Το work with title Main memory performance for realistic data access in FPGA systems: an experimental study by Argyriou Maria is licensed under Creative Commons Attribution 4.0 International
Bibliographic Citation
Maria Argyriou, "Main memory performance for realistic data access in FPGA systems: an experimental study", Diploma Work, School of Electrical and Computer Engineering, Technical University of Crete, Chania, Greece, 2021
https://doi.org/10.26233/heallink.tuc.88903
Nowadays, computationally demanding applications, such as Convolutional Neural Networks (CNN), are mapped to hardware accelerators like Field Programmable Gate Arrays (FPGAs) due to customizable datapath with designer-tunable parallelism and pipelining. Memory is in many cases the limiting factor of every performance-bound application but its real performance is often overlooked. Most studies and benchmarks on memory subsystems focus on best-case scenarios for memory access times. Μemory access times and throughput are affected by such factors as the memory controller’s performance, buffering, the need (or lack of) a microprocessor for on-FPGA data transfer, and even the capabilities of Computer-Aided Design (CAD) tools and frameworks.
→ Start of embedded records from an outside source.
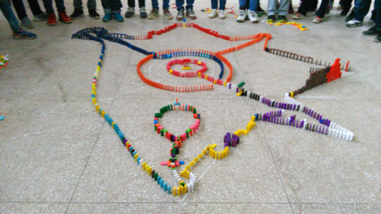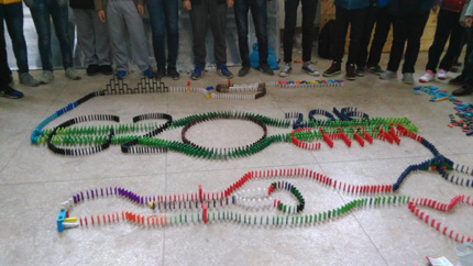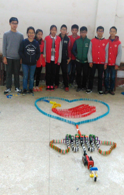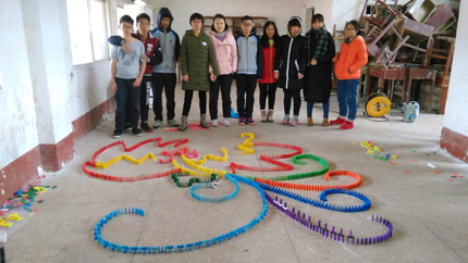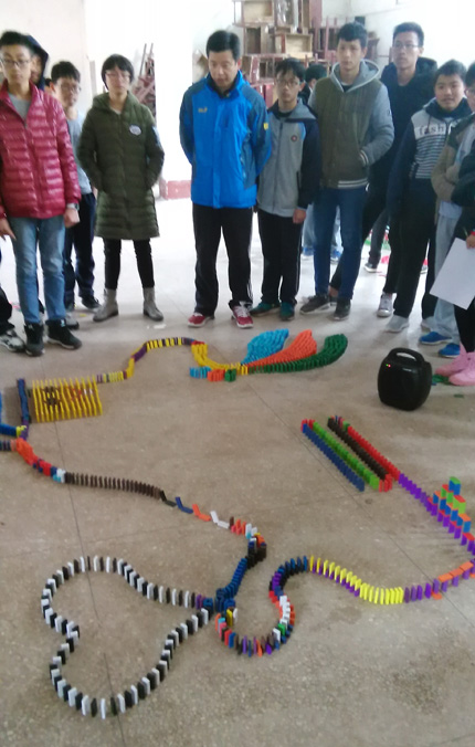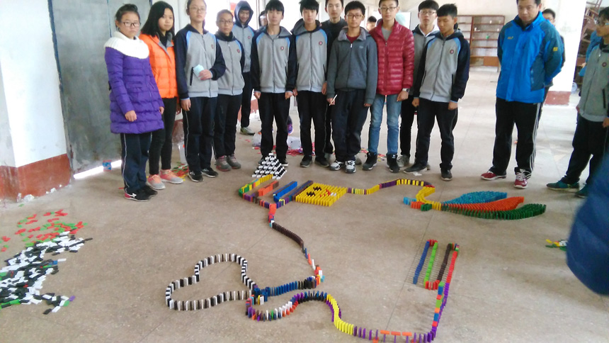 多米诺骨牌发源于中国,在欧美社会中则蔚为流行,是一种综合德智体美劳的运动,可以培养当代中小学生的团队协作能力,考验学生体力、耐心、意志力和临场应变能力,提高学生的动手能力。在第三届体育科技文化艺术节中,我校再次将多米诺骨牌纳入科技比赛项目内容,11月20日(周日)晚上,柯贤根老师对每个年级选派的两支队伍进行相关培训。正式比赛于11月24日上午9:30在新运动场看台底下的体育室举行,李永红副校长到场观看比赛情况。经过紧张、激烈、漫长的比赛过程,评委从骨牌倒塌情况、图案设计和寓意解说等几个方面进行打分,依据平均分高低依次决出第一名九年级(3)班、第二名高一(21)班、第三名高二(11)班,第四名高一(22)班,第五名高二(10)班。
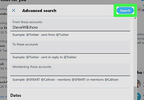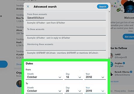 Use the pop-up calendars to select dates for the "From this date" and "to" text fields. Click on the arrows next to the date to scroll through the calendar. You can also click on the year multiple times to change the year specifically. Once you click the year, you can pick the month, then the day. If you need the date you joined Twitter, you'll find it on your profile. You can fill in the fields to specify your search or leave them blank to see all your Tweets.
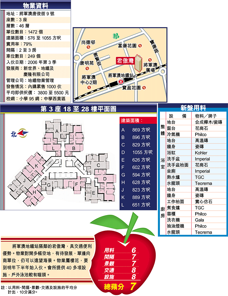 新世界發展的君傲灣,物業毗鄰將軍澳廣場,共建3幢住宅,總數1472伙,單位間隔不算花巧,逾半數為2房,3房最大面積1055方呎,戶戶設露台,但近年新樓流行的相連戶或複式則未有提供。
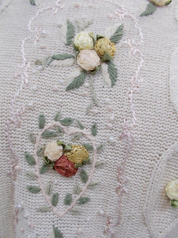 Devant torsadé et ajouré , agrémenté de fleurs et perles cousues ; bas fini par bordure picots
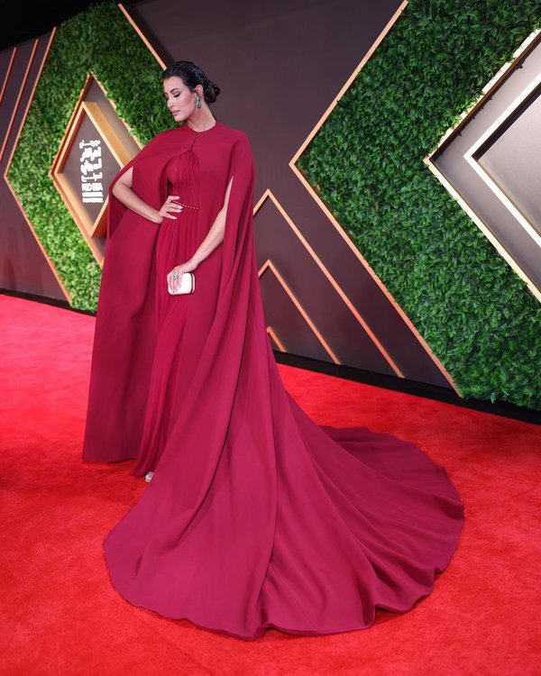 اعتمدت إطلالة جذابة من جورج حبيقة، فأطلت بفستان باللون الأحمر تميز بقصته الإنسيابية ذات الأكتاف بأسلوب الكاب.
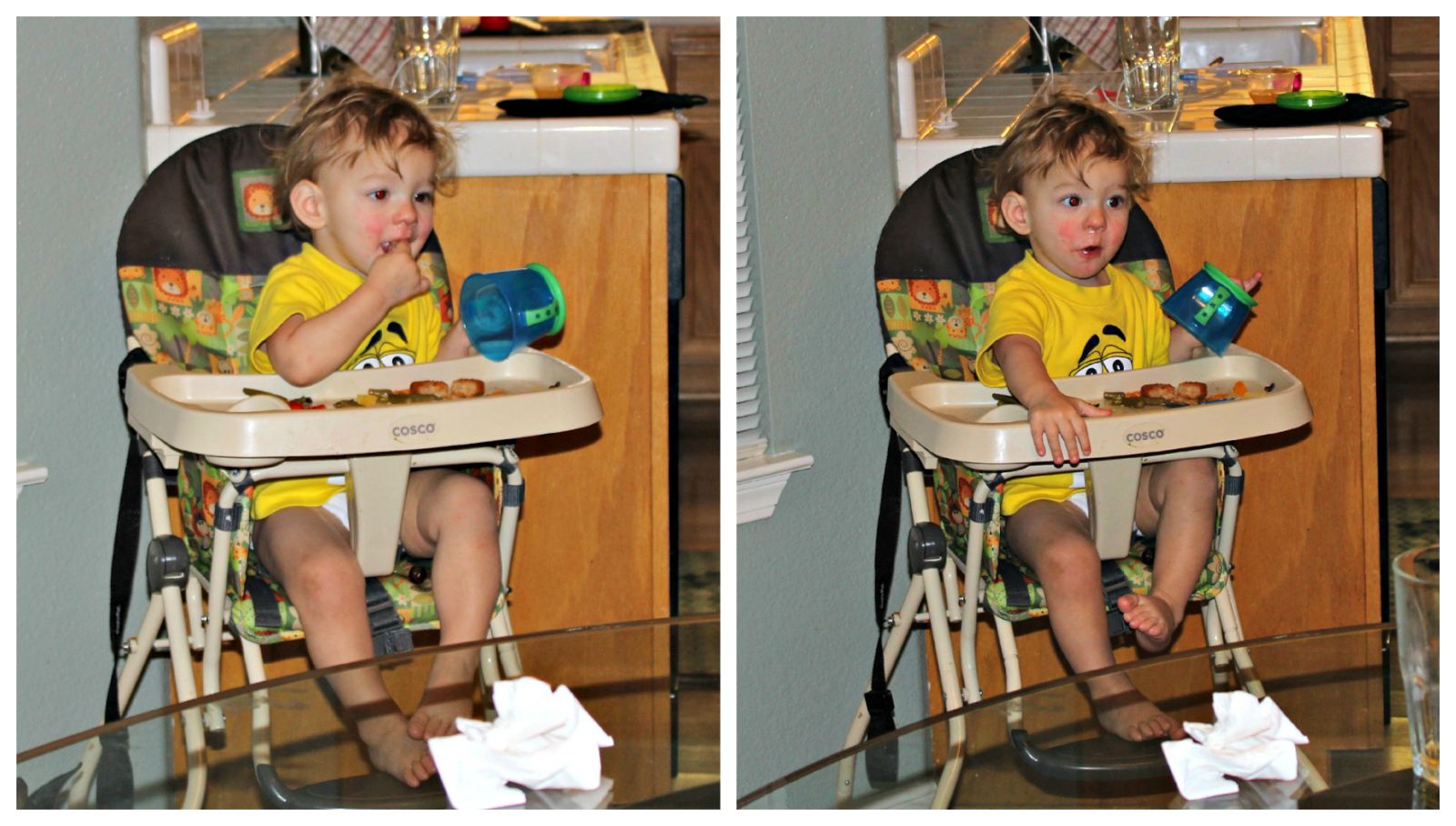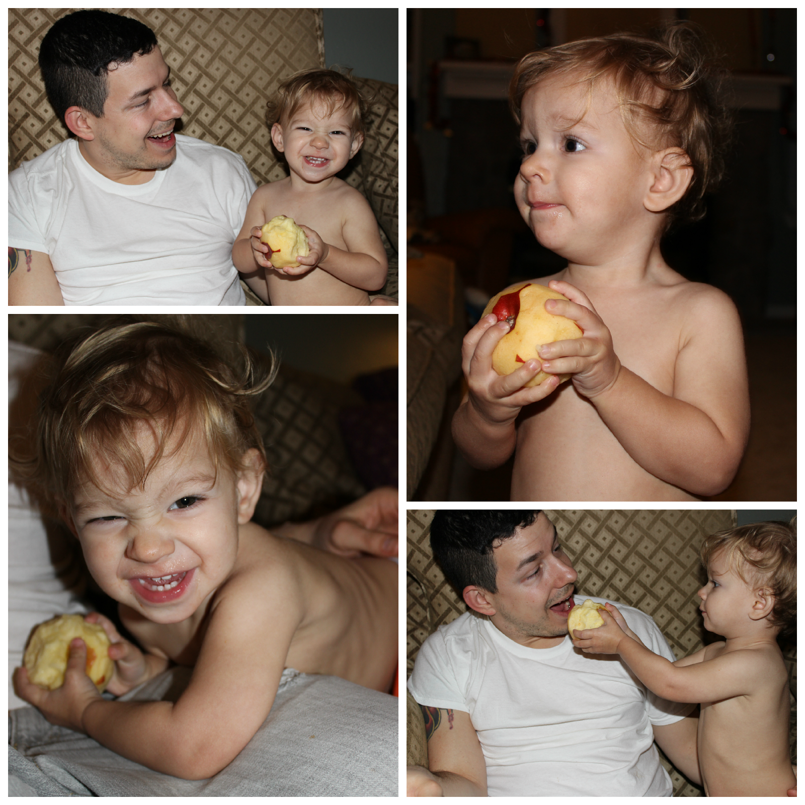 He also loved to share his food. He thought that feeding adults was the funniest thing ever. He liked to chew/gnaw on apples, but I had to take the skin off first!
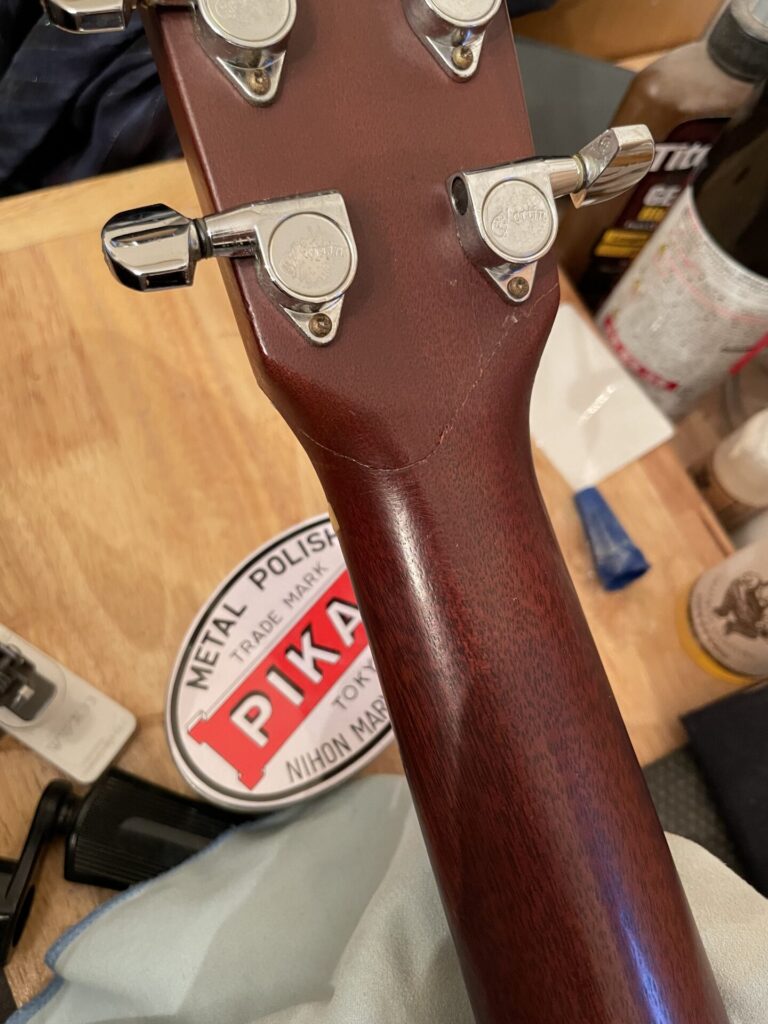 しっかりヒビが入ってますね。オーナーさんが一度ネックを折ってしまい修理したそうですが、同じところがまた折れ、自身でタイトボンドを使って接着したとのこと。
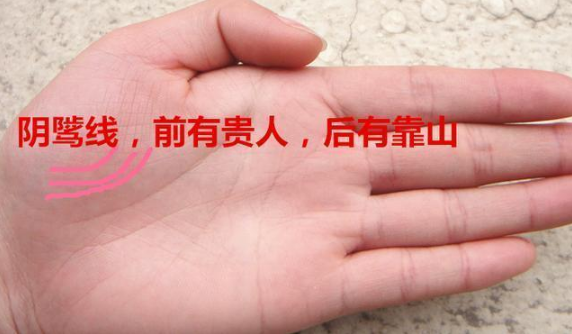阴骘线不仅仅脸上有,手上也有。手上的阴骘线位置与贵人纹一样,也可以说是贵人纹的一种强势的变化,当贵人纹有三条,十分清晰的时候就成了阴骘线。手相阴骘线说明你前世积下很多功德,那些上一世受恩于你的人,今世会来报恩,因此,今生你会很有贵人缘。即便是刚刚认识的朋友也会莫名其妙地信任你,为你赴汤蹈火。手相阴骘线之人是最典型的前有贵人,后有靠山的有福之人。
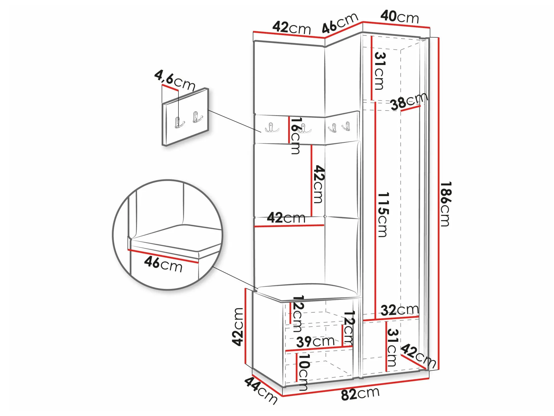 186 x 40 x 46 cm
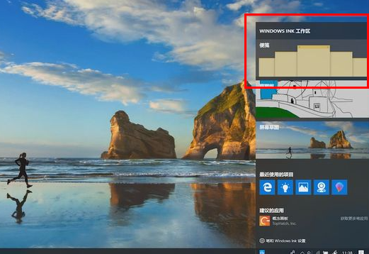 2、接着在任务栏点击多出的【Window Ink工作区】图标,在打开的Window Ink工作区界面中选择【便签】

This study, prompted by CNN applications on mid-range single- and multi-FPGA systems focuses on the experimental memory evaluation, aiming at providing the designer with realistic figures which can be used towards on-FPGA buffer sizing, computation-to-memory I/O estimation to avoid bottlenecks, and even pipeline strategy. Detailed experimental results have been obtained by memory access patterns which represent realistic scenarios, and these are presented and analyzed in this thesis. One of the conclusions from this work is that when random accesses are required, large numbers of such accesses performed together lead to better results vs. fewer, scattered accesses. The results of this work not only show a significant deviation from ideal transfer rates of the DDR memory channel (which can approach 20 GBytes/sec), but they are also substantially lower than the internal AXI port maximum bandwidth of 4.8 GBytes/sec, the degradation being due to internal to the FPGA data transfers and the DDR controller.